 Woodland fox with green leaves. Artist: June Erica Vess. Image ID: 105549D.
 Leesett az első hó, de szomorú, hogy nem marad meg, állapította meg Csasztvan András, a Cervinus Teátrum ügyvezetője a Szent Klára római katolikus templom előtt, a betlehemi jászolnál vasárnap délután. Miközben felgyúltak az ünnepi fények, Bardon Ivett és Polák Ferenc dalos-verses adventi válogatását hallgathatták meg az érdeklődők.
- - - - -
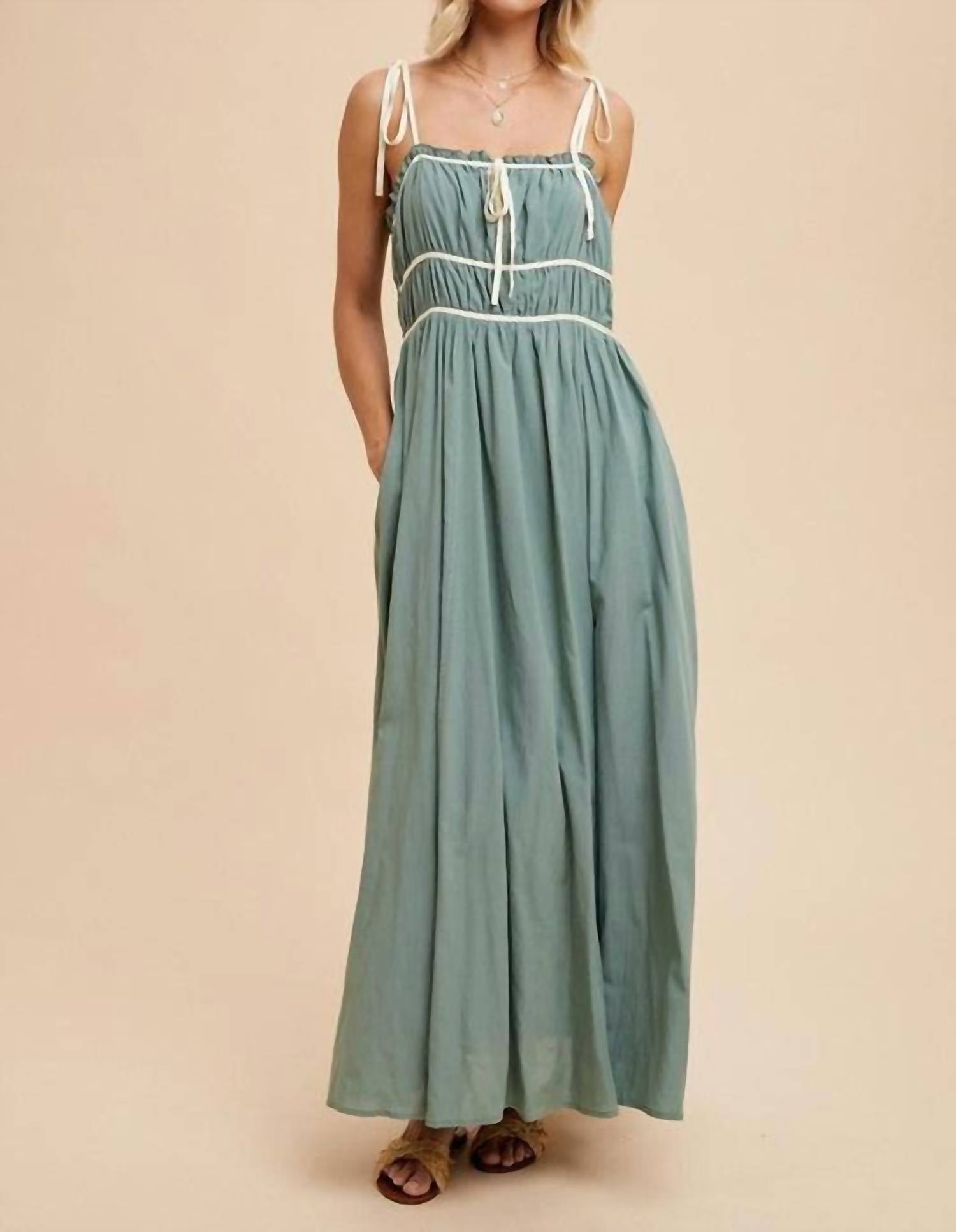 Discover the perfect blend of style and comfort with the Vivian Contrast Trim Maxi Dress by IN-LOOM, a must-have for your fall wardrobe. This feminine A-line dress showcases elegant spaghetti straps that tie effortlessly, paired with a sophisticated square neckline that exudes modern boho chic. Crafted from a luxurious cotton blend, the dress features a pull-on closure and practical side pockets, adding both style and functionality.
- - - - -
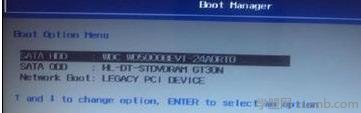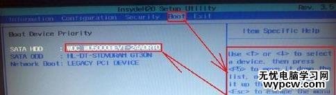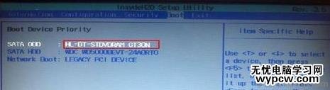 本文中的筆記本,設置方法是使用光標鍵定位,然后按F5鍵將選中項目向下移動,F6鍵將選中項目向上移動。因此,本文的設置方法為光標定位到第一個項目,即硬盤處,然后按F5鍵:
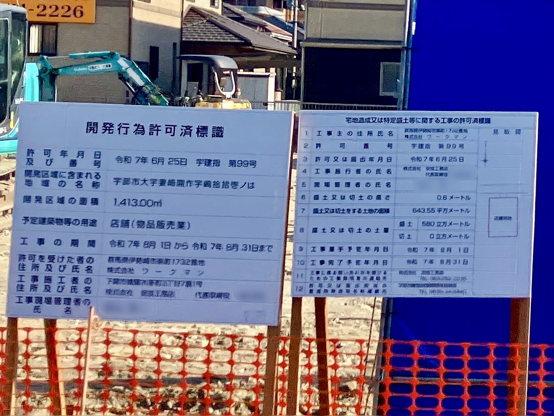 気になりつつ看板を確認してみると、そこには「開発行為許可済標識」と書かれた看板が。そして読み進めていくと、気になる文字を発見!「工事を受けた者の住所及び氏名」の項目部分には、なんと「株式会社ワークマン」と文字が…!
- - - - -
◆ **AIM OF THE EXERCISE**: Give exactly the lines above that run from the line with "本文中的筆記本,設置方法是使" to the line with "気になりつつ看板を確認してみ", both included, leaving every picture out.

◆ **ANSWER BELOW**:
 本文中的筆記本,設置方法是使用光標鍵定位,然后按F5鍵將選中項目向下移動,F6鍵將選中項目向上移動。因此,本文的設置方法為光標定位到第一個項目,即硬盤處,然后按F5鍵:
 気になりつつ看板を確認してみると、そこには「開発行為許可済標識」と書かれた看板が。そして読み進めていくと、気になる文字を発見!「工事を受けた者の住所及び氏名」の項目部分には、なんと「株式会社ワークマン」と文字が…!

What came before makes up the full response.